Student absences have budget impacts for schools

  • Attendance technician Maria Lopez calls the parents of absent students at Comstock Middle School in Santa Rosa, on Thursday, December 13, 2012. (Christopher Chung/ The Press Democrat)

In an era of deep budget cuts, school districts across California are putting a greater emphasis on reducing absences in an effort to shore up the state funding based on daily attendance.

Adding fuel to the push for better attendance are educators' worries that kids already are missing out on crucial instructional time because furlough days have become an increasingly common way for districts to save money.

And with rising federal and state academic standards, educators say the remaining school days have become ever more crucial for California students.

"There is both academic and financial benefit to this. It's not rocket science," said Hedy Chang, director of the state and national initiative Attendance Works.

Chang pointed to the recent focus on attendance by the largest school district in California, Los Angeles Unified, that has meant an infusion of state funding that previously had been lost.
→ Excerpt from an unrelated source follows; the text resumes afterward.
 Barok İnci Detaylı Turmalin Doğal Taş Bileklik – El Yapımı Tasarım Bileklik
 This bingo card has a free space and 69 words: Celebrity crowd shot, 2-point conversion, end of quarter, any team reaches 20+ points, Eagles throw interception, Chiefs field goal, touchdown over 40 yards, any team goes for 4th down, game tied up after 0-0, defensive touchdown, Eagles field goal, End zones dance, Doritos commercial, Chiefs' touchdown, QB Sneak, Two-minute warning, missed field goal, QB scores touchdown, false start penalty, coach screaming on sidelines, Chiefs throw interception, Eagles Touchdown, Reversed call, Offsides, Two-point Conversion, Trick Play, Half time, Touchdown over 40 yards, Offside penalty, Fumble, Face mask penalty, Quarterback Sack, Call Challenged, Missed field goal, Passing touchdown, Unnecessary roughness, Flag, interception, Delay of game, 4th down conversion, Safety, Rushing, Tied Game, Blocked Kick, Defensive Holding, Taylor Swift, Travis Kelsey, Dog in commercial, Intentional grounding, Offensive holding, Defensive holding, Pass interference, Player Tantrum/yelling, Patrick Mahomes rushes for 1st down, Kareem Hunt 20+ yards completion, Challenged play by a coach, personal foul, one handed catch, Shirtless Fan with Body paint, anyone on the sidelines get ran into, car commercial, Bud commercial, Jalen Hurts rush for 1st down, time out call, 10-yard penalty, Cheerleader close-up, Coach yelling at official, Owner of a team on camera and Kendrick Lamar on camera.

"Their attendance improvement has brought them millions," she said.

A pilot program targeting chronic truants has been launched to focus on six of Santa Rosa City Schools' eight feeder elementary school districts: Bellevue, Bennett Valley, Mark West, Piner-Olivet, Rincon Valley and Wright.
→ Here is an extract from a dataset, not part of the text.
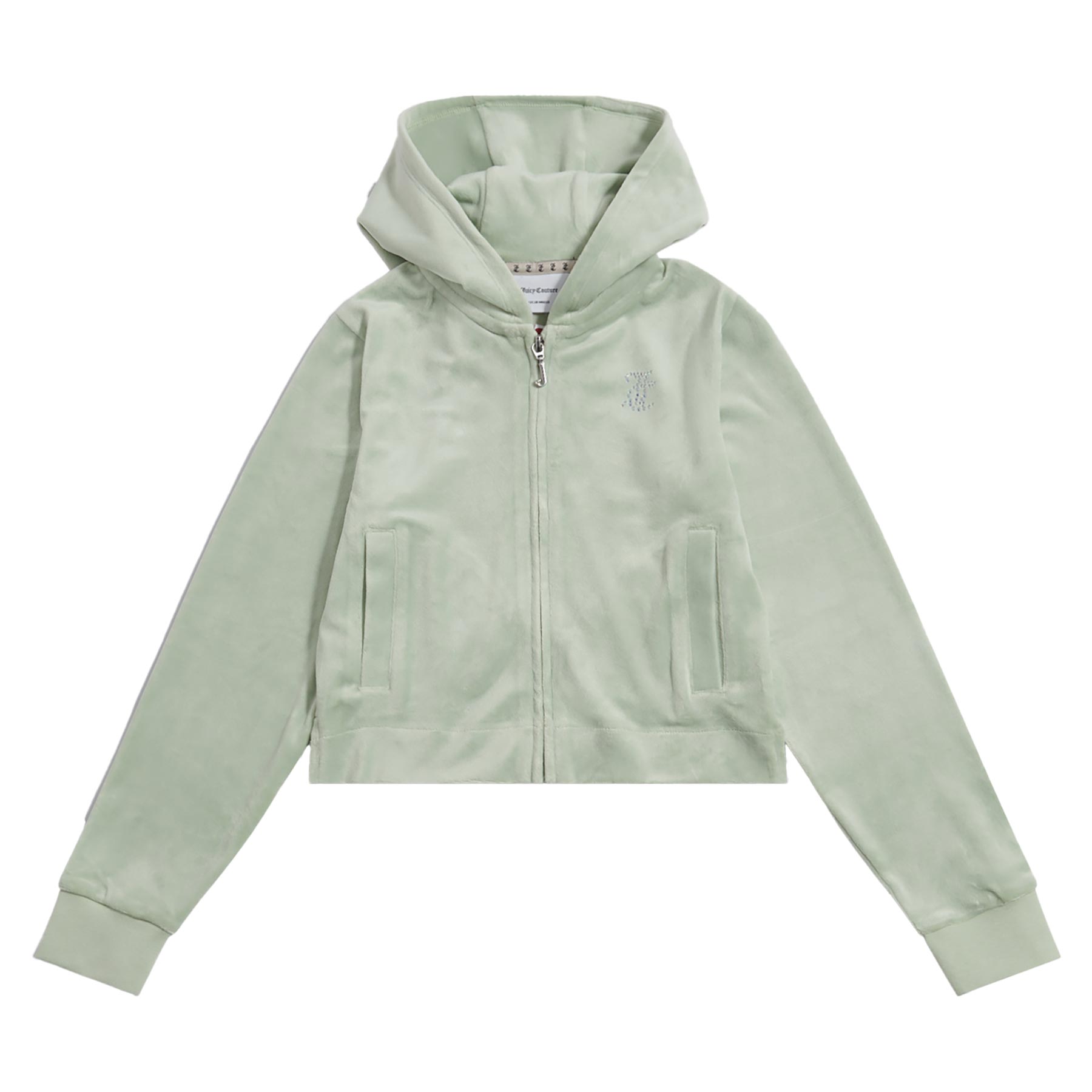 Juicy Couture girls zip though velour hoodie. Super soft stretchy velour hoodie with diamante Juicy logo on the chest, and diamante Juicy Couture arch logo across the shoulders at the back, front zipper with silver metal 'J' pull and pouch pocket on the front. Ribbed jersey cuffs and waistband. So comfortable to wear and looks amazing on. Other colours available. Matching joggers available.

"Truancy starts then. Kids, by the time they are in middle and high school, end up with real school engagement problems," said Cate Griffiths, executive director of Recourse Mediation Service, which is overseeing Project School Attendance Mediation.

The program is designed to address family issues that can make it difficult to get a child to school: mental and physical health issues, insecure housing, and transportation problems.

For Santa Rosa City Schools, by far the largest school district in Sonoma County, a 1 percent fluctuation in attendance has an impact of approximately $837,000 a year. In 2011-12, a slight uptick in attendance meant $54,000 in added revenue from the prior year.